It is possible to conduct the polishing using a polishing apparatus and the polishing condition which are used in usual metal polishing when polishing a substrate using the polishing composition of the invention. There are a single sided polishing apparatus and a double sided polishing apparatus as the general polishing apparatus. In the case of a single sided polishing apparatus, the substrate is held using a holder called carrier, the polishing table on which the polishing cloth is pasted is pressed against one side of the substrate and rotated while supplying the polishing composition, thereby polishing one side of the substrate. In the case of a double sided polishing apparatus, the substrate is held using a holder called carrier, the polishing table on which the polishing cloth is pasted is pressed against the facing surface of the substrate and they are rotated in the relative direction while supplying the polishing composition from above, thereby polishing both sides of the substrate. At this time, the polishing is conducted by the physical action due to the friction among the polishing pad, the polishing composition and the substrate and the chemical action proceeding between the alloy and the polishing composition.
As the polishing condition in the polishing method according to the invention, the polishing load is mentioned. In general, the frictional force by the crystalline abrasive grains increases as the polishing load increases, thus the mechanical working force is improved, and the polishing rate increases as a result. The load in the polishing method according to the invention is not particularly limited but is preferably from 50 to 1,000 g/cm2, more preferably from 80 to 800 g/cm2 and even more preferably from 100 to 600 g/cm2 per unit area of the substrate. In this range, it is possible to exert a sufficient polishing rate and to suppress the damage of substrate by the load and the generation of a defect such as scratches on the surface.
In addition, as the polishing condition in the polishing method according to the invention, the linear velocity in polishing is mentioned. In general, the linear velocity is affected by the rotation number of polishing pad, the rotation number of carrier, the size of substrate and the number of substrates, but the frictional force applied to the substrate is great when the linear velocity is great, and thus the action to mechanically polish the edge increases .
In addition, there is a case in which frictional heat is generated by friction and thus the chemical action by the polishing composition is enhanced. The linear velocity in the polishing method according to the invention is not particularly limited but is preferably from 10 to 300 m/min and more preferably 30 to 200 m/min. In this range, it is possible to obtain a sufficient polishing rate, to suppress the damage of the polishing pad by the friction of substrate, to sufficiently transmit the friction to the substrate, to prevent the substrate from being in the so-called slipping state, and thus to sufficiently polish the substrate.
Examples of the polishing pad used in the polishing method using the polishing composition of the above embodiment may include a polyurethane type, a polyurethane foam type, a nonwoven fabric type and a suede type which are different in the property of material, those which are different in physical properties such as hardness and thickness, and those which contain abrasive grains and those which do not contain abrasive grains, and it is preferable to use the polyurethane foam type or the suede type among them. In addition, in the case of using the suede type, those which are less deformed by the pressure during the processing, that is, the pads which exhibit a high hardness are more preferable. Specifically, the pads which exhibit a hardness of 75 or more measured by TECLOCK are favorable, and for example, it is possible to obtain a suede type pad which exhibits a high hardness by using polyethylene terephthalate or a nonwoven fabric for the substrate. For TECLOCK, the measuring method is regulated by JIS K6253: 1997.

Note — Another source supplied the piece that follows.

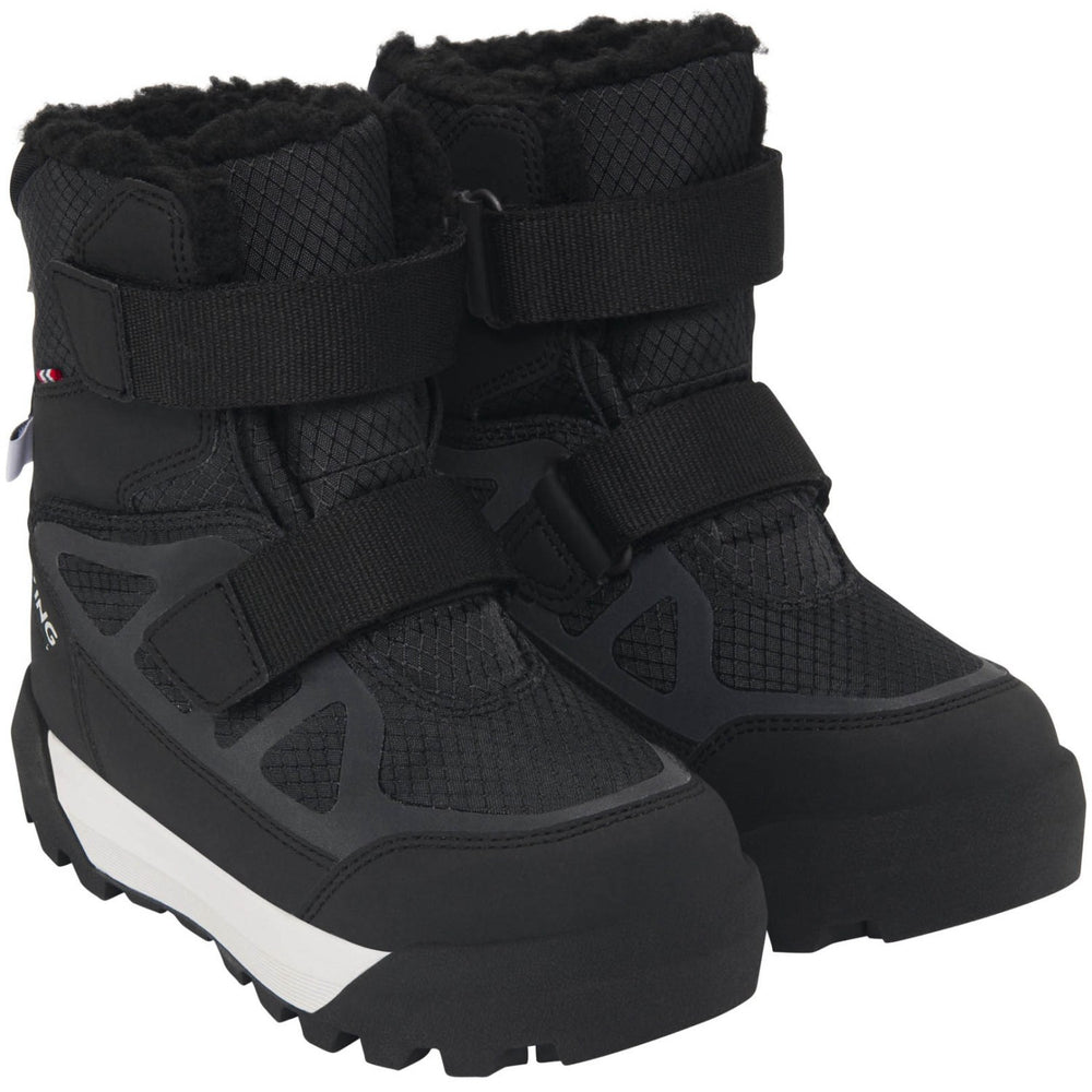 Gør vinterdagene varmere og sikrere for dit barn med VIKING Black Constrictor Warm SC WP 2V vinterstøvler. Disse støvler er udstyret med avanceret Solarcore® teknologi, udviklet i samarbejde med NASA, hvilket giver ekstraordinær varme som aktiveres under kompression. Designet er robust med dybe gummi knopper på ydersålen for optimal trækkraft og holdbarhed. Forstærkninger på tå og hæl øger beskyttelsen, mens dobbelte velcroremme gør det let for små hænder at justere pasformen. Den perfekte kombination af teknologi og komfort til dit barns vinterlege.

As the polishing condition in the polishing method according to the invention, the supply amount of the polishing composition is mentioned. The supply amount varies depending on the kind of the substrate to be polished, the polishing apparatus or the polishing conditions but may be the amount which is enough for the polishing composition to be evenly supplied to the entire surface between the substrate and the polishing pad. There is a case in which the polishing composition is not supplied to the entire substrate or the composition dries and coagulates to cause a defect on the surface of substrate when the supply amount of the polishing composition is small. On the contrary, friction is interfered by the excess polishing composition, particularly the medium such as water and thus polishing is inhibited in addition to that it is not economical when the supply amount is great.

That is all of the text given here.